(Extracted information):
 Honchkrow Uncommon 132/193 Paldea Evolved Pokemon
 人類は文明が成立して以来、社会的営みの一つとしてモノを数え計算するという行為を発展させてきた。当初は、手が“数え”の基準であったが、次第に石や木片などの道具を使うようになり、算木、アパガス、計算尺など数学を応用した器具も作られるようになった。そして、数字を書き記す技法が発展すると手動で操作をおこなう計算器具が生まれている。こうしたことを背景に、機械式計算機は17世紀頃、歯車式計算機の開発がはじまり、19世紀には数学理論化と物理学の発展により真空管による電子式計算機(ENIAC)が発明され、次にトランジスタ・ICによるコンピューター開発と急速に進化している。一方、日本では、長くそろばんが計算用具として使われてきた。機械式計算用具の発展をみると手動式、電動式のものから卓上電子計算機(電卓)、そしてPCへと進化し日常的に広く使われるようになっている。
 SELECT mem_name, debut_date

---

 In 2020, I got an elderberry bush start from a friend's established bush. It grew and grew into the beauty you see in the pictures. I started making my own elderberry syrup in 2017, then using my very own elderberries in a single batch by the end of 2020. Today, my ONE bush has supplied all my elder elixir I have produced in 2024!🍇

(Brief): Taking the line with "人類は文明が成立して以来、社" as the first and the line with "SELECT mem_name, debut_date" as the last, retype that stretch of the data above exactly, with no other lines.

(Solution below):
 人類は文明が成立して以来、社会的営みの一つとしてモノを数え計算するという行為を発展させてきた。当初は、手が“数え”の基準であったが、次第に石や木片などの道具を使うようになり、算木、アパガス、計算尺など数学を応用した器具も作られるようになった。そして、数字を書き記す技法が発展すると手動で操作をおこなう計算器具が生まれている。こうしたことを背景に、機械式計算機は17世紀頃、歯車式計算機の開発がはじまり、19世紀には数学理論化と物理学の発展により真空管による電子式計算機(ENIAC)が発明され、次にトランジスタ・ICによるコンピューター開発と急速に進化している。一方、日本では、長くそろばんが計算用具として使われてきた。機械式計算用具の発展をみると手動式、電動式のものから卓上電子計算機(電卓)、そしてPCへと進化し日常的に広く使われるようになっている。
 SELECT mem_name, debut_date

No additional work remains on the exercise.